Calibration of the model was done by running recent annual peak flows. The 2005 and

2006 annual peak flows were chosen to make sure the model could simulate current conditions

of the Maumee River accurately. The more recent 2007 and 2008 annual peak flows were not

used in the calibration because they have not yet been made available by USGS. After each

annual peak flow was run, the converted gage elevation of the Waterville gaging station was

subtracted from the simulated water surface elevation to obtain a gage height. This height was

compared to the gage height obtained from HEC-RAS using the formula of the trendline for the corresponding discharge for each annual peak flow to determine the difference between the modeled gage height and the actual gage height. A difference of ±0.30 m (±1.00 ft) from modeled and actual water surface elevation was chosen as a standard to calibrate the model because this value is used by the USACE for calibrating their models. In order to meet this criteria, the original Manning roughness values used in the HEC-2 model were raised or lowered to change the water surface elevation to meet that of the observed water surface elevation. Once the model was considered calibrated historical verification runs were made of past annual peak flows which were not used during the calibration to ensure the validity of the calibration.

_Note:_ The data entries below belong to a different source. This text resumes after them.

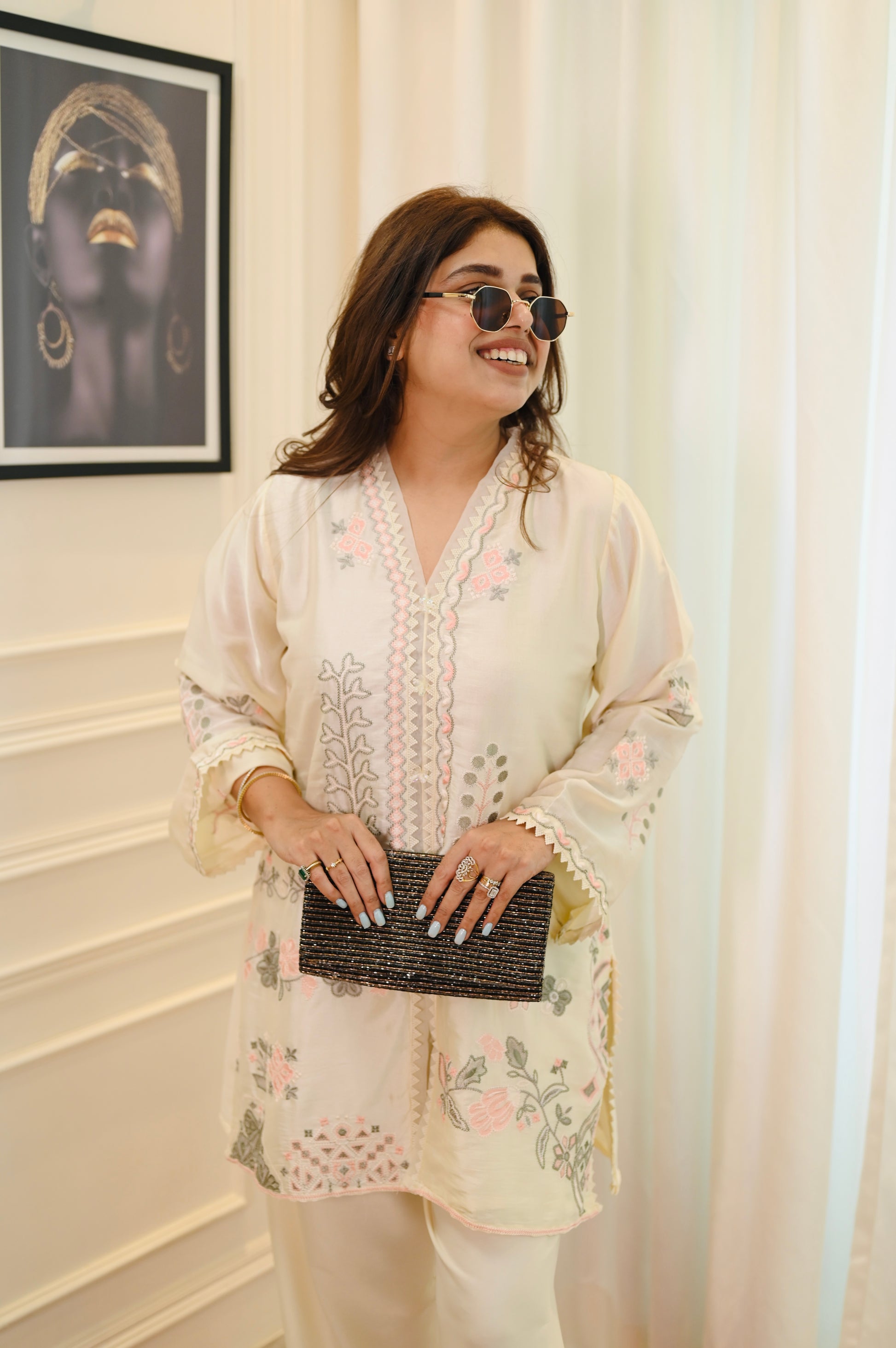 - Elegant pastel-toned outfit with detailed embroidery on the front and sleeves.
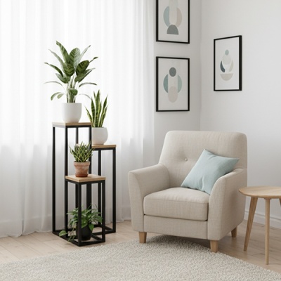Kwietnik Stojący Metalowy z Półką MDF – Design i Funkcjonalność w Nowoczesnym Wydaniu
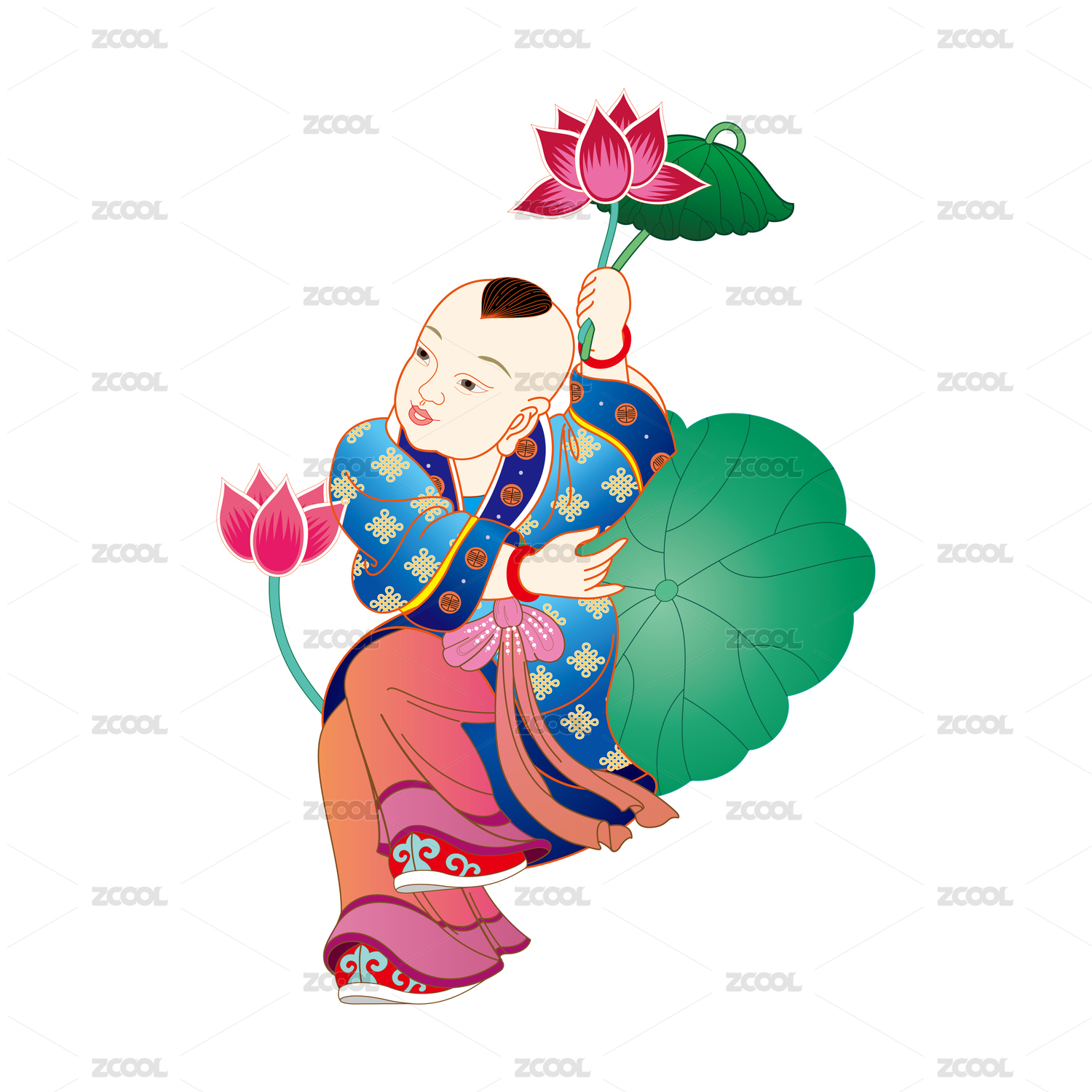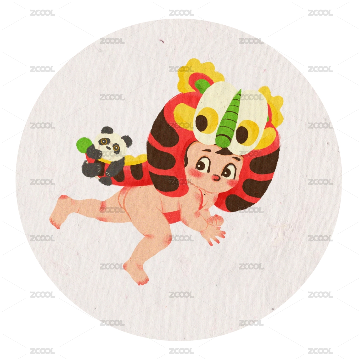 冬季胖娃娃和锦鲤的喜庆年画风格
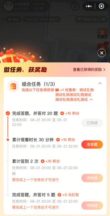 当C端用户任务列表中奖励为优惠券、兑换券、礼品券、奖品时,支持查看奖励中对应展示每种类型的券或奖品的名称。
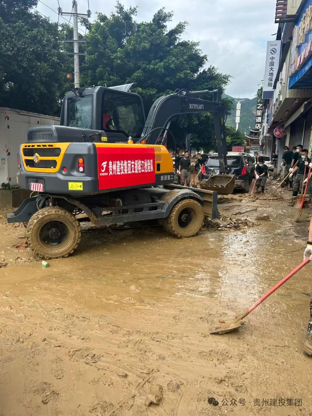 截至发稿时,贵州建投集团已投入挖掘机、装载机、铲车等大型机械设备,争分夺秒开展清淤抢险任务,全力配合地方政府恢复灾后秩序。
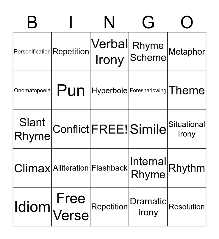 This bingo card has a free space and 24 words: Alliteration, Free Verse, Hyperbole, Idiom, Metaphor, Personification, Onomatopoeia, Repetition, Simile, Flashback, Foreshadowing, Slant Rhyme, Internal Rhyme, Rhythm, Pun, Dramatic Irony, Situational Irony, Verbal Irony, Theme, Conflict, Resolution, Climax, Rhyme Scheme and Repetition.
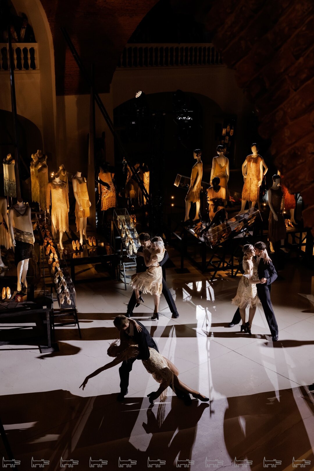 После ужина в пространстве выставки «Упакованные грезы» для гостей состоялся балетный мини-спектакль с участием артистов Мариинского театра и танцоров международного класса, которые исполнили танго, фокстрот и чарльстон — дань бурным ритмам двадцатых. Финальная нота гала - традиционный коктейль в Манеже Малого Эрмитажа продолжил тему выступлением джазовых музыкантов.
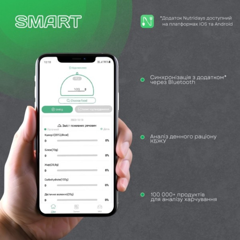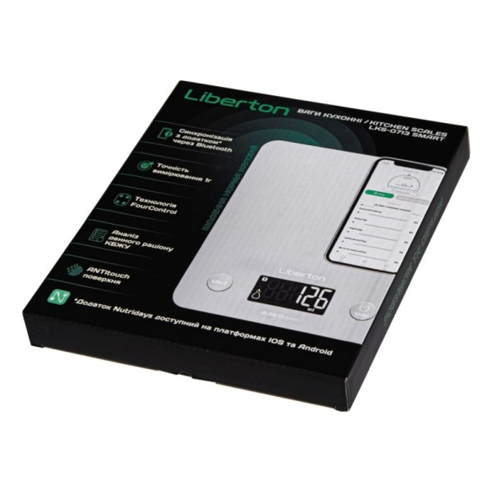 Smart (підключення до планшета або смартфону); автовідключення; вибір одиниць вимірювання; облік тари; індикація слабкого заряду
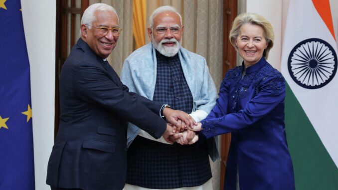 Hindistan Başbakanı Narendra Modi, AB önderleri Costa ve Ursula von Der Leyen ile bugün yapılan görüşmelerin akabinde yapılan ortak basın toplantısında Hindistan ve Avrupa Birliği‘nin, ABD ile istikrarsız alakalara karşı tedbir almak gayesiyle ‘tarihi bir ticaret anlaşmasını’ sonuçlandırdığını söyledi.
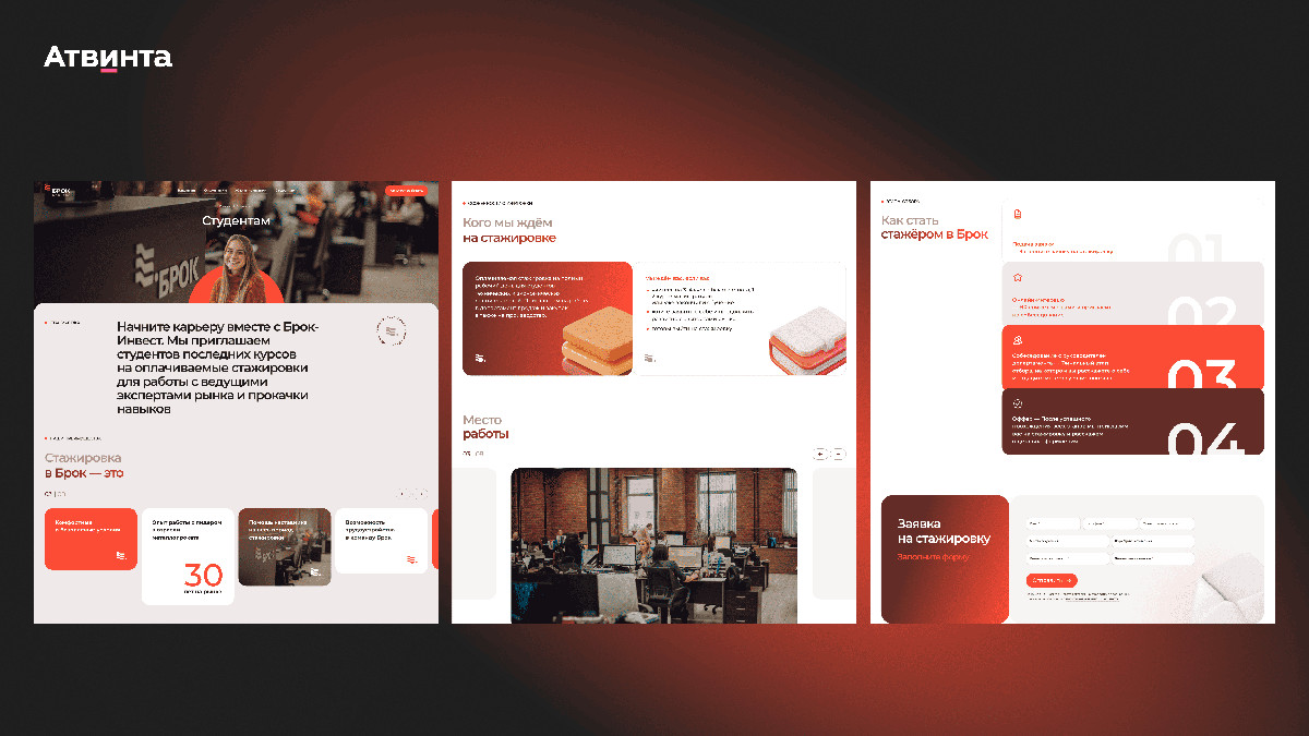 Компания заинтересована в привлечении молодых кадров, поэтому мы сделали отдельную страницу для студентов. Они могут пройти стажировку в «Брок-Инвест-Сервис» и в дальнейшем устроиться на полную ставку.
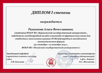 Студентка 5 курса отделения «Перевод и переводоведение» (французский и английский языки) Алиса Разинкова получила диплом первой степени в Международной онлайн-олимпиаде по французскому языку, проводившейся в рамках III Международного молодежного лингвистического форума ПсковГУ.
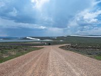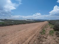 In the vast landscape of rural Utah, a dirt road stretches as far as the eye can see. The road surface transitions from dirt to gravel, providing an adventurous off-road experience. Surrounding the road are open spaces and stunning natural scenery, including a lake and sandy areas. The straight road leads to a 1/4角 track, offering a thrilling ride for nature enthusiasts. With clear blue skies and fluffy clouds overhead, this road trip promises an unforgettable journey through the heart of Utah's captivating beauty.
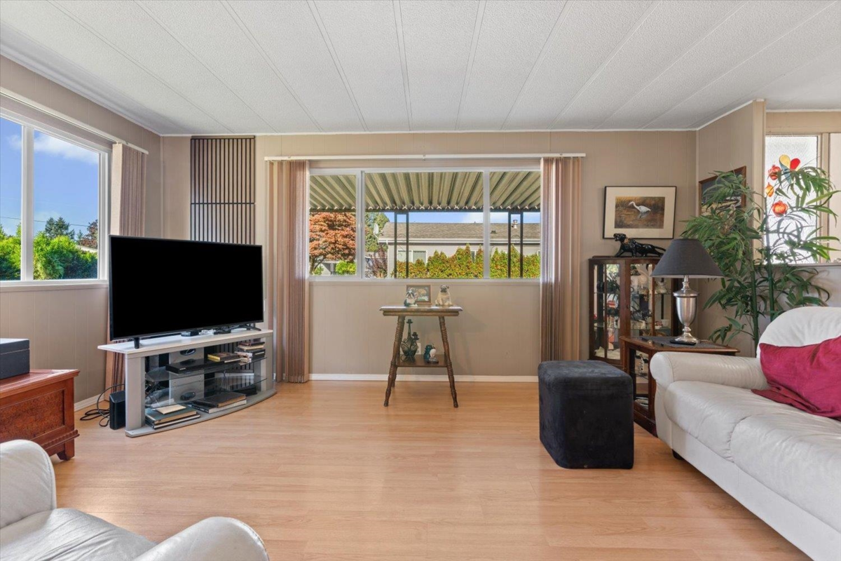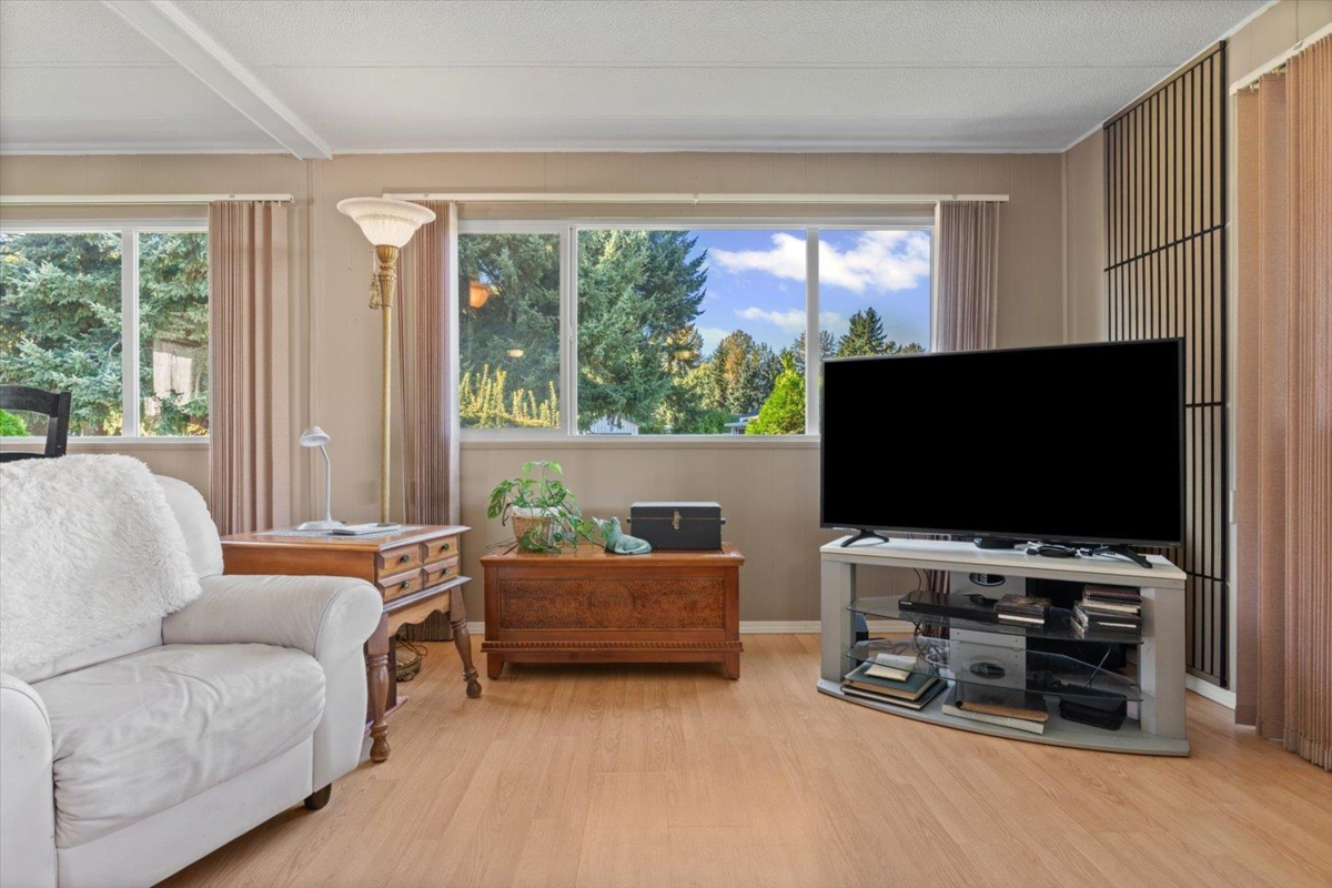 Welcome to Paradise Park! One of Abbotsford’s most friendly and secure 55+ communities. This well-cared-for double-wide home offers 2 bedrooms, 2 bathrooms, and a bright, inviting layout filled with natural light and warmth. Enjoy peace of mind with numerous exterior updates and the charm of a cozy, functional floor plan. The enclosed patio opens to a spacious backyard with two storage sheds and room for your garden or outdoor retreat. Manicured grounds, wonderful neighbors, and the bonus of one small pet allowed make this community truly special. Attractively priced for a senior budget, this home is a must-see!
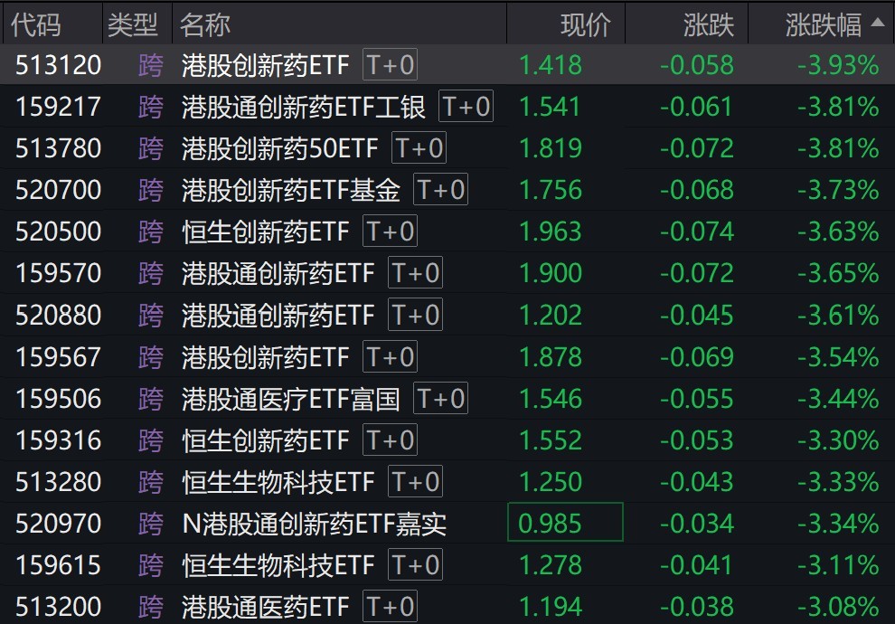 受盤面影響,多只港股創新藥相關ETF跌超3%。
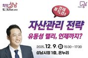 (누리일보) 성남시는 오는 12월 9일 오후 3시 30분~5시 30분 시청 1층 온누리에서 ‘자산관리 전략’을 주제로 한 올해 희망성남 토크콘서트 마지막 강연을 연다. 앞선 11월 19일 ‘부동산 전망과 내 집 마련 전략(고종완 한국자산관리연구원장)’에 이은 경제 특강 2탄이다. 이날(12.9) 초빙 강사는 김광석 한국경제산업연구원 경제연구실장이다. 강연자는 ‘유동성 랠리’와 빠르게 변화하는 경제 환경 속에서 국내외 주요 경제 현안에 대해 알기 쉽게 설명한다. 이와 함께 유동성 장세의 지속 여부, 실질적인 투자 운용 방향, 향후 경제전망, 자산관리 전략에 관한 강연을 한다. 김광석 실장은 ‘경제 읽어주는 남자’ 저자로 알려진 경제전문가다. 현재 한양대학교 겸임교수로도 재직 중이며, 에너지경제연구원 전문연구원, 현대경제연구원 선임연구원, 삼정KPMG 경제연구원 수석연구원 등으로 활동했다. 강연은 무료로 진행되며, 성남시 평생학습 통합 플랫폼 ‘배움 숲’ 홈페이지를 통해 선착순 600명까지 신청할 수 있다.
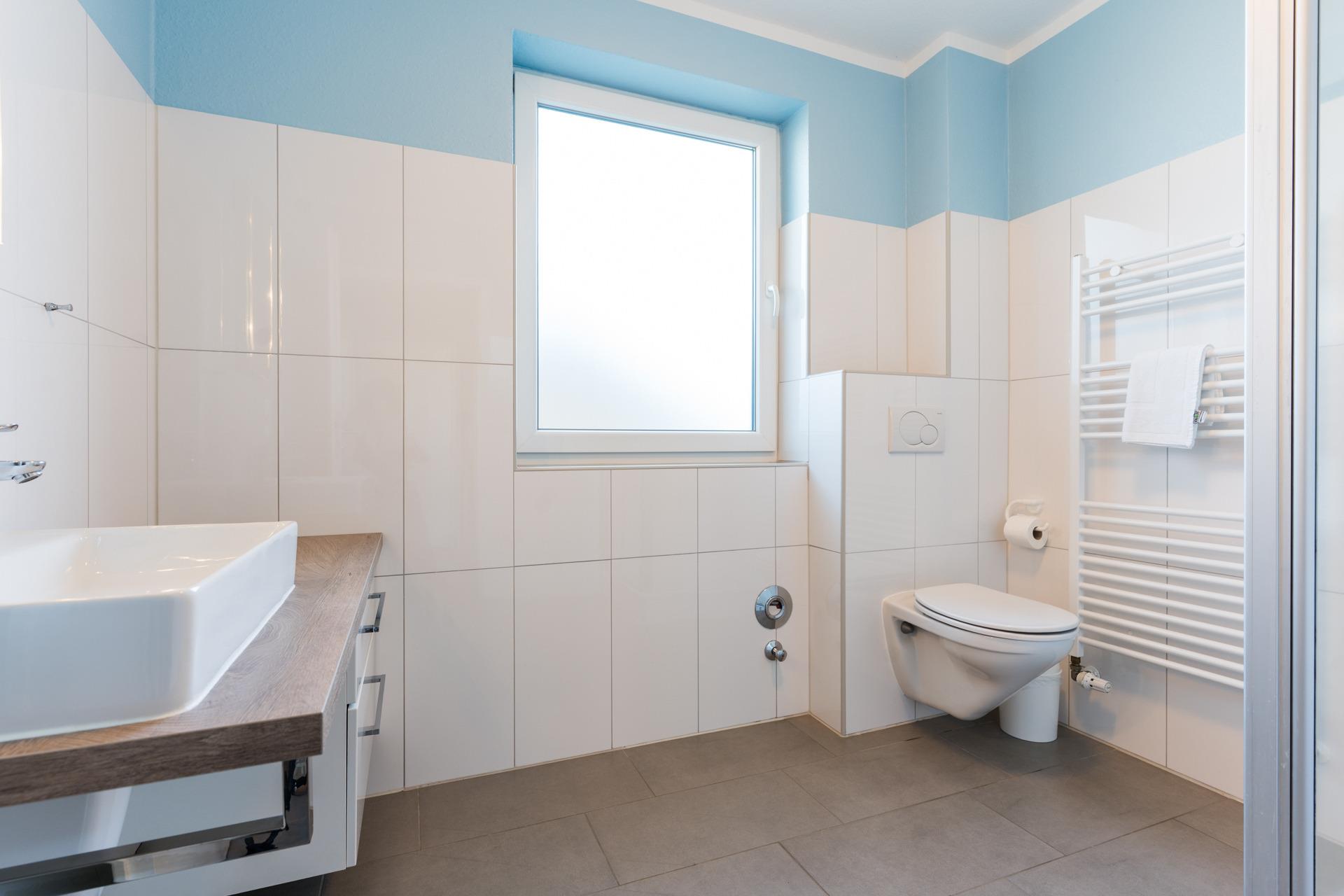 Die modernen Badezimmer mit Dusche verfügen über einen Handtuchheizkörper und Fußbodenheizung.

Figure 35: This is a graph of various discharges on a logarithmic scale plotted with their corresponding gage heights at the Waterville gaging station with a logarithmic trend line plotted and the formula of the line used to determine gage heights for various discharges.

107 108

Historical Verification

Two forms of historical verification were performed on the HEC-RAS model. The first

form of verification used historical annual peak discharges where the gage height at the

Waterville gaging station was compared to the modeled results for the same discharge in the

same manner as was done during the initial calibration stage. The years chosen for this form of

historical verification are presented in Table 11 with their accompanying discharges at the

Defiance and Waterville gaging stations. These years were chosen for their variance in

discharges and because they could be used for the second form of verification.

The second form of verification used the 1936, 1959, and 1982 annual peak discharges to

compare to flood stage heights for the same years at Providence and Grand Rapids, Ohio.

Sensitivity Analysis

Sensitivity analysis is necessary to ensure the model is producing reasonable and defensible results. It is often conducted by altering values with the most uncertainty, such as

Manning numbers, contraction and expansion numbers, and slope (Methods et al. 2003).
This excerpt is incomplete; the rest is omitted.